As western Europe shivers to a halt and our energy bills soar through the roof, the time has come when we should all start to get seriously angry with our politicians for being carried away by all this claptrap.
The most obvious thing about all this ritualised scaremongering was how stale it all was. Not one of these points hasn’t been a cliche for years.The only scientist who believes we should all be issued with carbon ration cards is a Prof Kevin Anderson, who has been saying it since 2004.
The prediction that global temperatures will rise by four degrees in 50 years comes from that same UK Met Office computer which five weeks ago was telling us we were about to enjoy a “milder than average” winter, after three years when it has consistently got every one of its winter and summer forecasts hopelessly wrong. (And the reason why our local authorities are already fast running out of salt is that they were silly enough to believe them.)

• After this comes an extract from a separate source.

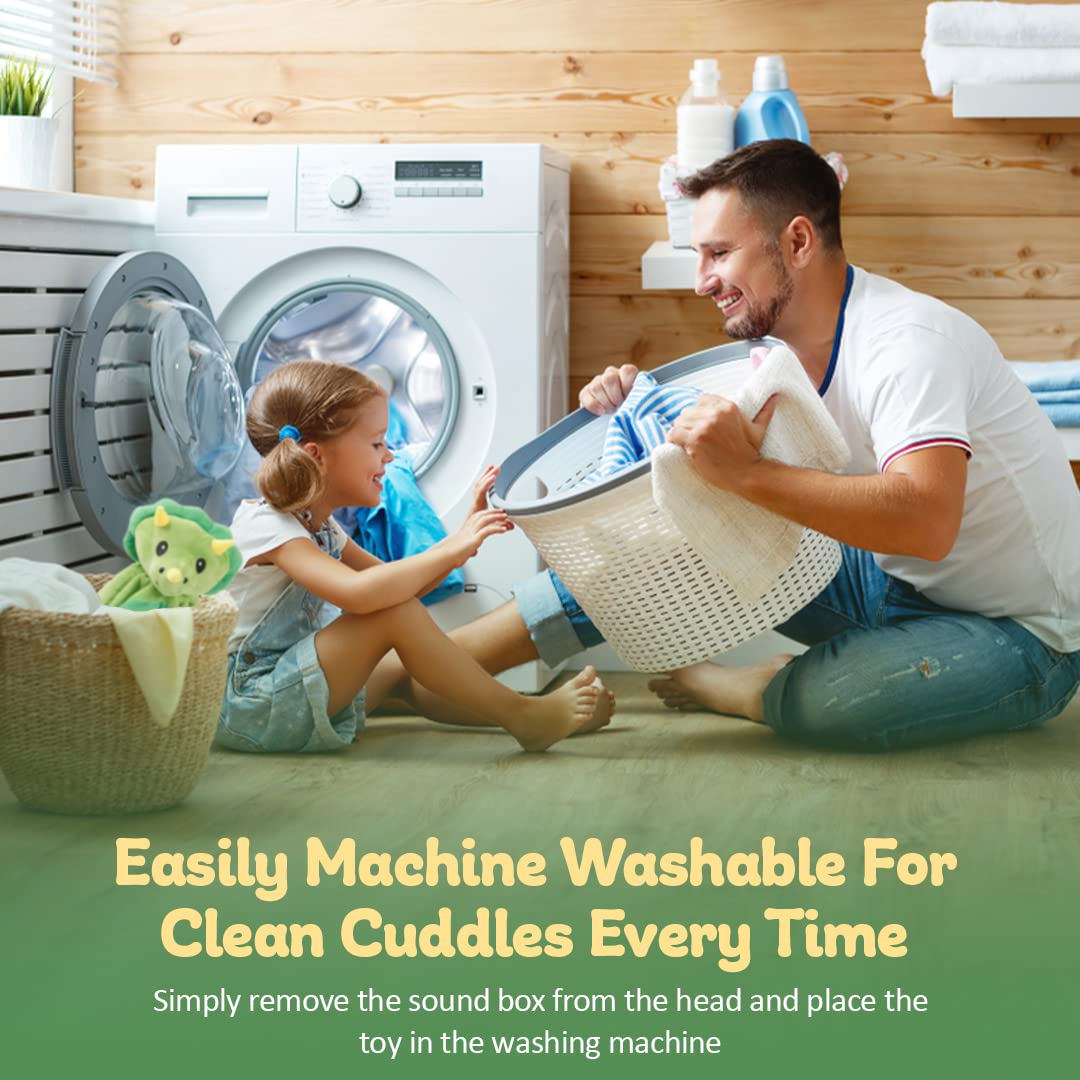 - ✅ BUILT WITH SAFETY IN MIND: This musical plush toy is not only built to last, but it's also designed with safety in mind. Each baby snuggle toy is allergy-friendly and BPA-free. To clean it, remove the sound box from the head and place the toy in the washing machine. We recommend to wait until your child is at least a year old before allowing it to join naptime or bedtime.

As for all that “geo-engineering” make-believe which has been peddled for years, about giant mirrors and covering the sea with iron filings, it comes straight from Swift’s Academy of Lagado – as fanciful as the idea that we can save the planet by forcing everyone to use those miserable mercury-vapour “low-energy” light bulbs, or that we can pipe away all the carbon dioxide from power stations to store it in holes under the North Sea.
What we are seeing here is one of the greatest collective flights from reality in the history of the human race.
The global warming scare may have been fun for the children while it lasted. But the time has come for the joke to be declared well and truly over.